The response data (i.e., the horizontal or valence and vertical or arousal coordinates of the check marks on the EmojiGrid) were quantified as integers between 0 and 550 (the size of the square EmojiGrid in pixels), and then scaled between 1 and 9 for comparison with the results of Yang obtained with a 9-point SAM scale (Experiment I), or between 0 and 8 for comparison with the results of Aguado , also obtained with a 9-point SAM scale (Experiment II). All statistical analyses were performed with IBM SPSS Statistics 26 ( www.ibm.com) for Windows. The computation of the intraclass correlation coefficient (ICC) estimates with their associated 95% confidence intervals was based on a mean-rating (k = 3), consistency, 2-way mixed-effects model ( Koo & Li, 2016; Shrout & Fleiss, 1979). ICC values less than 0.5 indicate poor reliability, values between 0.5 and 0.75 suggest moderate reliability, values between 0.75 and 0.9 represent good reliability, while values greater than 0.9 indicate excellent reliability ( Koo & Li, 2016; Landis & Koch, 1977). For all other analyses a probability level of p < 0.05 was considered to be statistically significant. MATLAB 2020a was used to further investigate the data. The mean valence and arousal responses were computed across all participants and for each of the stimuli. MATLAB’s Curve Fitting Toolbox (version 3.5.7) was used to compute least-squares fits to the data points. Adjusted R-squared values were calculated to quantify the agreement between the data and the curve fits.

Results

Experiment I

Figure 2 shows the correlation plots between the mean valence and arousal ratings for the 77 affective IADS-E sounds used in the current study, obtained with the EmojiGrid (this study) and with a 9-point SAM scale ( Yang . This figure illustrates the overall agreement between the affective ratings obtained with both self-assessment tools for affective sound stimuli.

Figure 2.

Relation between mean valence (left) and arousal (right) ratings obtained with the SAM and EmojiGrid for selected sounds from the IADS-E database.

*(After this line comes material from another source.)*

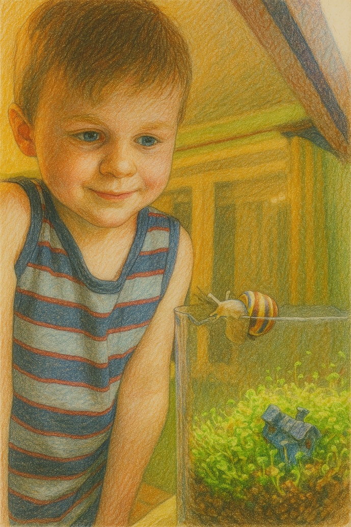 Счастью моему не было предела. Я взял улитку и бережно нёс её в руке, боясь уронить или повредить панцирь. По дороге домой мы собрали всё необходимое для обустройства уютного жилища для Ули – так я назвал нашу гостью.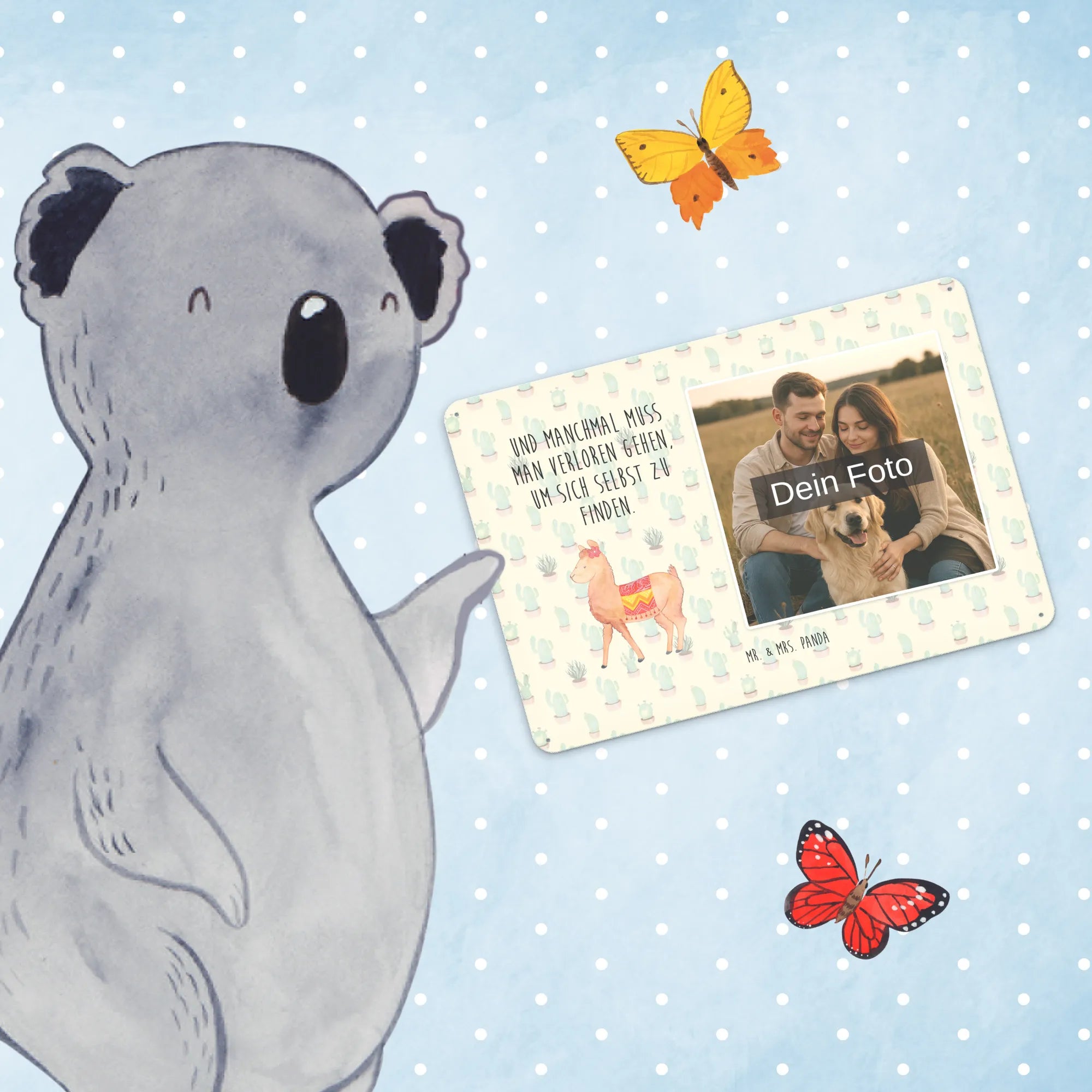 Suchst Du ein Geschenk, das persönlich, verspielt und gleichzeitig stilvoll ist? Unser personalisiertes Foto-Blechschild aus der Alpaka-Kollektion von Mr. & Mrs. Panda vereint ein handgezeichnetes Alpaka-Motiv mit Deinem Wunschfoto und dem liebevollen Spruch „Und manchmal muss man verloren gehen, um sich selbst zu finden.“ Ein echtes Highlight als Türschild mit Bild, Metallschild mit Wunschfoto oder als Dekoschild für Wohnzimmer und Küche.

Labels correspond to the original identifiers of the stimuli ( Yang ). The line segments represent linear fits to the data points.

Relation between mean valence (left) and arousal (right) ratings obtained with the SAM and EmojiGrid for selected sounds from the IADS-E database.

Labels correspond to the original identifiers of the stimuli ( Yang ). The line segments represent linear fits to the data points. The linear (two-tailed) Pearson correlation coefficients between the valence and arousal ratings obtained with the EmojiGrid (present study) and with the SAM ( Yang ) were, respectively, 0.881 and 0.760 (p<0.001). To further quantify the agreement between both rating tools we computed intraclass correlation coefficients (ICC) with their 95% confidence intervals for the mean valence and arousal ratings between both studies. The ICC value for valence is 0.936 [0.899–0.959] while the ICC for arousal is 0.793 [0.674–0.868], indicating both studies show an excellent agreement for valence and a good agreement for arousal (even though the current study was performed via the internet and therefore did not provide the amount of control over many experimental factors as one would have in a lab experiment). Figure 3 shows the relation between the mean valence and arousal ratings for the 77 IADS-E sounds used as stimuli in the current study, measured both with the EmojiGrid (this study) and with a 9-point SAM scale ( Yang . The curves in this figure represent least-squares quadratic fits to the data points. The adjusted R-squared values are 0.62 for results obtained with the EmojiGrid and 0.22 for the SAM results. Hence, both methods yield a relation between mean valence and arousal ratings that can indeed be described by a quadratic (U-shaped) relation at the nomothetic (group) level.

Figure 3.

Relation between mean valence and arousal ratings for selected sounds from the IADS-E database.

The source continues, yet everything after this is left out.